[Start of Attachment]
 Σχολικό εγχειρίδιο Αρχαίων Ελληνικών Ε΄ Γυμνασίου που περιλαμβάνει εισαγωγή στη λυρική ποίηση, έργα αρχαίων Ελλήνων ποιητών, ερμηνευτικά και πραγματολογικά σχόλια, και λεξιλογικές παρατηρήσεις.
[End of Attachment]
[Start of Attachment]
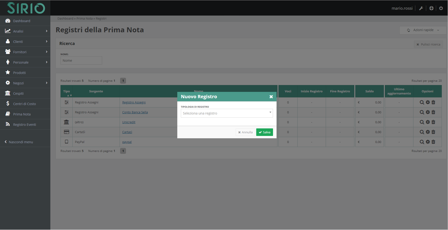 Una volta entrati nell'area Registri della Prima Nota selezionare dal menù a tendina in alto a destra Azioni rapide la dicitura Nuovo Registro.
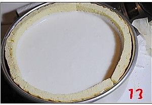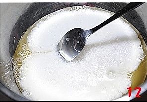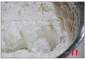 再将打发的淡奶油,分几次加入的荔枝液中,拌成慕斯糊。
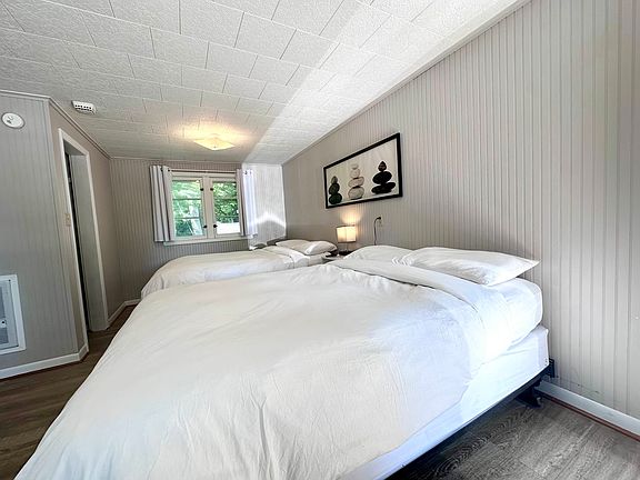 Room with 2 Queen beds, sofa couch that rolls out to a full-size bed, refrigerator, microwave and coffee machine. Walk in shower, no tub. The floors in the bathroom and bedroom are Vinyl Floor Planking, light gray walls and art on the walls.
[End of Attachment]
**Problem**
Your answer should consist of the lines above between those holding "再将打发的淡奶油,分几次加入的荔枝液中,拌成慕斯糊。" and "Room with 2", inclusive, reproduced word for word and without pictures.

**Solution to this problem**
 再将打发的淡奶油,分几次加入的荔枝液中,拌成慕斯糊。
 Room with 2 Queen beds, sofa couch that rolls out to a full-size bed, refrigerator, microwave and coffee machine. Walk in shower, no tub. The floors in the bathroom and bedroom are Vinyl Floor Planking, light gray walls and art on the walls.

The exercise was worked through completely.